Los sueños de San Buenaventura

Quien conoce América Latina y ha viajado por sus paisajes humanos sabe que en estas tierras el realismo mágico es más real que mágico. Gabriel García Márquez fue el mejor notario de esa realidad: siempre con sus sentidos y su pluma prestos para levantar acta de lo que la cotidianeidad le brindaba y convertirla en los maravillosos relatos que todos conocemos y hemos disfrutado (por cierto, y dicho sea de paso, uno de mis preferidos y más releídos es “El general en su laberinto”, el menos mágico de todos ellos).

Estos días he estado transitando por uno de esos paisajes en los que la realidad desborda sus fronteras y se adentra en los terrenos de la magia, ese espacio irreal en el que tan complicado resulta distinguir los perfiles de la materia sólida.

En San Buenaventura, al norte del departamento de La Paz y en plena zona amazónica, a los pies del río Beni y a las puertas del Madidi, han estado esperando durante más de cuarenta años un ingenio azucarero.

Cuarenta años es el tiempo que ha transcurrido desde que un grupo de colonos de Bermejo llegó hasta aquí, desde el Oriente, huyendo de la esclavitud de la zafra por cuenta ajena y engatusados por las promesas de un gobierno que, por aquel entonces, les había prometido tierras e ingenio.

Durante cuatro décadas, esos colonos han mirado cada día al sur, hacia La Paz, esperando ver llegar el ingenio. Y si al principio seguían plantando caña año tras año, temiendo que éste apareciera y les pillara desprevenidos, poco a poco tuvieron que dejar de hacerlo y dedicarse a otros cultivos,  con el amargor de quien se ve forzado a fingir lo que no es.

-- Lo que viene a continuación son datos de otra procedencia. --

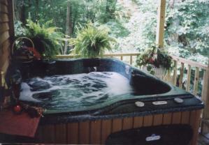 Covered private deck with luxurious hot tub looks over rushing stream. Deck with Rockers and Charcoal grill perfect for the catch of the day.
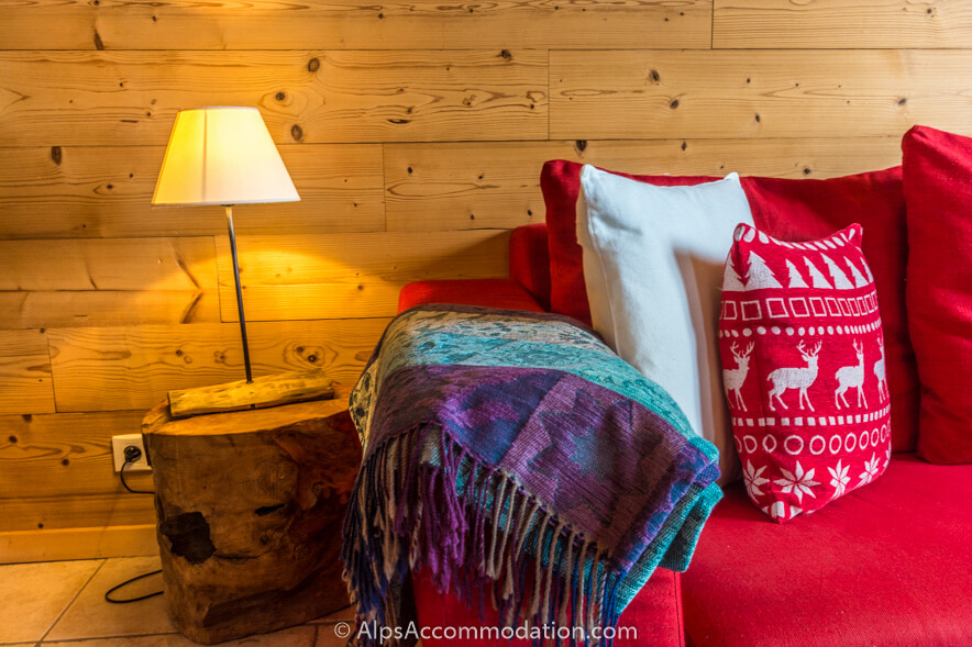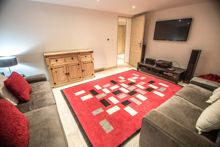 La salle du cinema/snug possède un canapé-lit double, très confortable. Dans ce chalet luxueux, des produits de toilette, des robes de chambre et des mules sont à la disposition des clients.
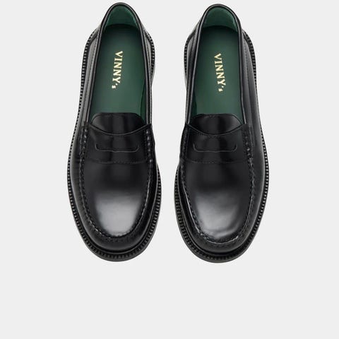 Zara mokkasiner i størrelse 38. Skoene er i svart, glatt materiale med blank finish og har en klassisk mokkasinutforming med markert såle og hæl. Passer til hverdagsbruk eller mer formelle anledninger der man ønsker et enkelt og stilrent uttrykk.
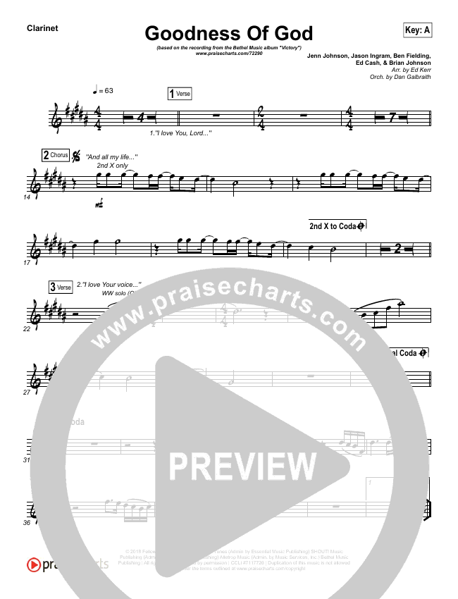 Download the Orchestration wind parts for Goodness Of God by Bethel Music / Jenn Johnson, from the album Victory. This song was arranged by Ed Kerr in the key of A, Ab, Bb, C, G.
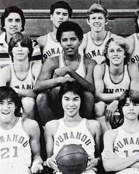 奧巴馬(第二排中間)在1977年高中時的照片。奧巴馬熱愛籃球,曾是學(xué);@球隊成員,大四時還隨隊獲州聯(lián)賽冠軍,作為一名前鋒擅長左手投籃?赡芤蛎諳bama發(fā)音的緣故,被隊友戲稱為轟炸機(jī)(O'Bomber)。
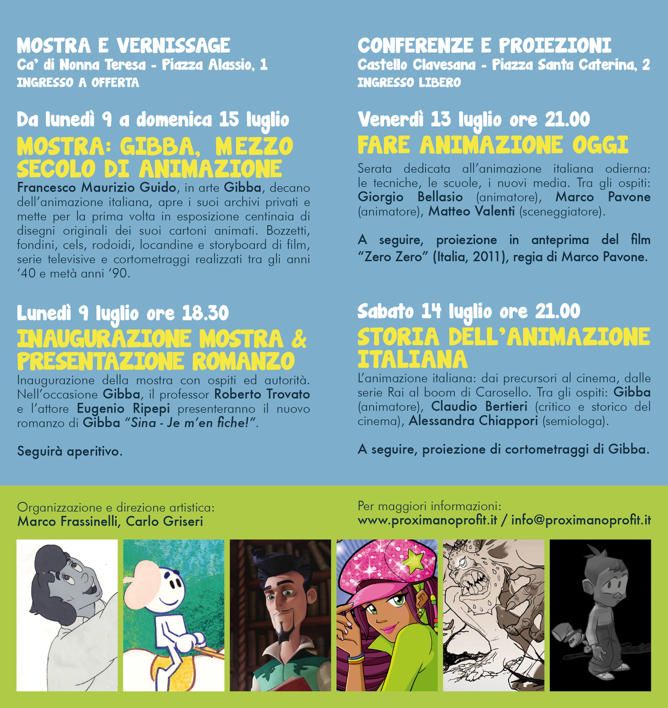 La prima serata sarà venerdì 13 luglio ore 21.00: “Fare animazione oggi: le tecniche, gli sbocchi, i nuovi media”. Interverranno Giorgio Bellasio, animatore di film quali “Donkey Xote”, “Totò Sapore e la magica storia della pizza” e “Opopomoz”, Marco Pavone, animatore dei film “Zero Zero” e “Extra 3D” oltre a molti videoclip per musicisti quali Coolio, Edoardo Bennato, Caparezza, i Subsonica, Luca Carboni, Le Vibrazioni, e Matteo Valenti, sceneggiatore di serie animate Rai quali “Il mondo di Stefi” e “Teen Days” e attualmente al lavoro su un progetto animato ispirato a “Crêuza de mä” di Fabrizio De Andrè.
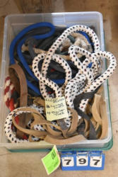 Box lot of assorted straps, blanket repair pieces
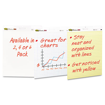 Repositionable sheets stick to more surfaces longer than other easel pads. Sticks securely, removes cleanly and resists marker bleed-through. Pad Type: Easel; Sheet Size: 25" x 30"; Ruling: Unruled.

Aquellos primeros colonos murieron, no sin injertar en la memoria de sus hijos la esperanza en que la promesa que había alimentado su éxodo se haría realidad. Cuarenta años esperanzados a que, como el coronel de García Márquez, alguien se acordara de ellos, a que las palabras se volvieran hechos y los sueños molinos de azúcar o ron.

Y un día llegó un presidente, campesino, pobre y humilde como ellos, pero que había decidido, tiempo atrás, no esperar a que los sueños de los oprimidos fueran moneda de cambio para quienes los despreciaban y engañaban. Un presidente que había decidido abrir el libro de la historia para comenzar a enderezar los renglones que otros se habían encargado de mantener retorcidos como las raíces que se hunden en la tierra o los dedos de quienes la labran.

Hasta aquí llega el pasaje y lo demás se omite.